The monastery grew and expanded into house after house, and all of the monks grew in wisdom, age, and grace before the others and the eyes of God.

And they say still, if you stumble across this place, where there is life and hope and kindness and graciousness, that the secret is the same: ‘The Messiah is one of us.’

Oh my friends, what a way to live.

Seeing each and every person as a possible Messiah.

This is the approach I am promoting for our year ahead.

I want us to celebrate the divine in one another.

I want us to acknowledge our inter-connectedness.

This is what we shall commit ourselves to in the year ahead.

As Paul instructs in his letter to the Romans, it is time for us to “lay aside the works of darkness and put on the armor of light.”

The world feels like a tumultuous place right now.

Nothing seems to be working the way it is supposed to – not the weather, not the government, not even the church.

But it is here that I pause to remind you that we are a people of hope.

I had the privilege of presiding over five weddings this summer and in each one the couples voiced their intentions to love and care for one another for the rest of their lives.

Their imaginations were filled with pictures of what life would look like in ten, twenty or fifty years.

They pledged their commitment to work out differences, to abide by their shared values and to stand by each other’s side, no matter what.

I came away from all those weddings believing that the world will be all right.

The generations to come will find a way to bring God’s kingdom to earth.

They are clothed in the armor of light.

The Sacradise blog this week pointed out that “For God’s Reign to become a reality in our world, we must heal the brokenness, violence, injustice, and division that oppose it.

The problem is when we begin by identifying evil only outside of us.

Then we inevitably ignore the evil within us, and become self-righteous, judgmental and even aggressive as we oppose “the others” in whom we see all that is wrong with the world.

This happens both on a global and an inter-personal scale.

However, once we have done the work of receiving deliverance from our own sin, we become those who radiate the grace and love of God, and we are able to bring liberation to others just by being the Christ-followers we are called to be.”

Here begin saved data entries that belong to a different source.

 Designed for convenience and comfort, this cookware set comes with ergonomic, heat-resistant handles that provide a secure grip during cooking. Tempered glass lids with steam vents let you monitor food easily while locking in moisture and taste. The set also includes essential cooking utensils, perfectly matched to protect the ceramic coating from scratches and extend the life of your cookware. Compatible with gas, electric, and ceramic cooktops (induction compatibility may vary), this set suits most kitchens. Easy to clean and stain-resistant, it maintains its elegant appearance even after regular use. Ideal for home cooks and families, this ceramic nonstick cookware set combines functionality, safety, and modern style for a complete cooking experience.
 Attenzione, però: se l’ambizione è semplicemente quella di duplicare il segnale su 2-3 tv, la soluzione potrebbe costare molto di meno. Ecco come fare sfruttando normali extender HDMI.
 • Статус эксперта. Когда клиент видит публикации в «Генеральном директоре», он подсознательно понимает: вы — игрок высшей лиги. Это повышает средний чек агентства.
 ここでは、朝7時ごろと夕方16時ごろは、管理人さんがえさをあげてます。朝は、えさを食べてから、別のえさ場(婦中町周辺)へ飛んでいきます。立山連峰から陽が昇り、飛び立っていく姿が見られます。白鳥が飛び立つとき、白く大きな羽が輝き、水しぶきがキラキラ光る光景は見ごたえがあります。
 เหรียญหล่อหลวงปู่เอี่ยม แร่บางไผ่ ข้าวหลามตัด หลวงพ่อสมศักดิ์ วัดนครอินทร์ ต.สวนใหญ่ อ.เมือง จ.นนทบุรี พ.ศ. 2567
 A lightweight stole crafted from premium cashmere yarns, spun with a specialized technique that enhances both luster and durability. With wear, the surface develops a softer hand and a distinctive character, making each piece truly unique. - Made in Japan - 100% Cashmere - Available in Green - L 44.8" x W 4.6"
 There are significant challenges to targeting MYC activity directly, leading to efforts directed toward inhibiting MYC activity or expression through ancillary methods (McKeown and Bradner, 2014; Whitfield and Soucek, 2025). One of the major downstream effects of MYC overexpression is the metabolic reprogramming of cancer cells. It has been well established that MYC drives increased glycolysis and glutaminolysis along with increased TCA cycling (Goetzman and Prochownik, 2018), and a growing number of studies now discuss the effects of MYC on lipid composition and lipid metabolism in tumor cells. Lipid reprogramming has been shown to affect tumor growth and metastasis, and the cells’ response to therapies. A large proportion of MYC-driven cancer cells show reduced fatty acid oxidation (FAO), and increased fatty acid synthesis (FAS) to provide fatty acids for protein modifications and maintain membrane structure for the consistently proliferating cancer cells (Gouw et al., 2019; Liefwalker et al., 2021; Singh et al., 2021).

All summer we explored the question of who we are as a church.

Now it is time to answer that question.

I know that some of you are uncomfortable with our ‘be the church’ banner.

You see these exhortations as outside the realm of worship.

I would argue that it is time for the church to reassert its role as the moral leader in society.

Our early church ancestors struggled with how to embody Jesus’ teachings in their lives.

It is a lifelong challenge – to emulate Jesus.

It has never been easy and it was never meant to be comfortable.

We are the church of Jesus Christ, founded to bring the good news of the gospel to all people and to live out the great commandment of loving God, neighbor and self.

Let’s apply all of our energy to making that a reality.

Let’s turn outward this season and look for ways to help our neighbors.

Let’s lighten our grip on tradition and money so that we might explore and imagine new ways of being in the world.

I challenge each one of you, in the year ahead, to invite one person or family to church; to initiate one conversation with someone you have never spoken to in our church; to examine one idea that you are certain of for other perspectives.

There is no question that the church as we know it in American society is changing.

Almost 40 percent of Americans, particularly young Americans, profess no religious affiliation.

It is up to us, the remnant, to model a life of faith that others want to emulate.

Our worship must be relevant to the lives of those who gather;

our service to the community must be rooted in love of neighbor;

our testimony must be honest and forthright.

We are called to follow Christ’s teachings and to share that good news with everyone we meet, especially our children.

Please turn to the inside covers of your hymnal, to the United Church of Christ’s Statement of Faith and join me in professing our faith together. (Statement of Faith)

I hope that you will spend time this week reflecting on these words and discerning how you will live out your discipleship.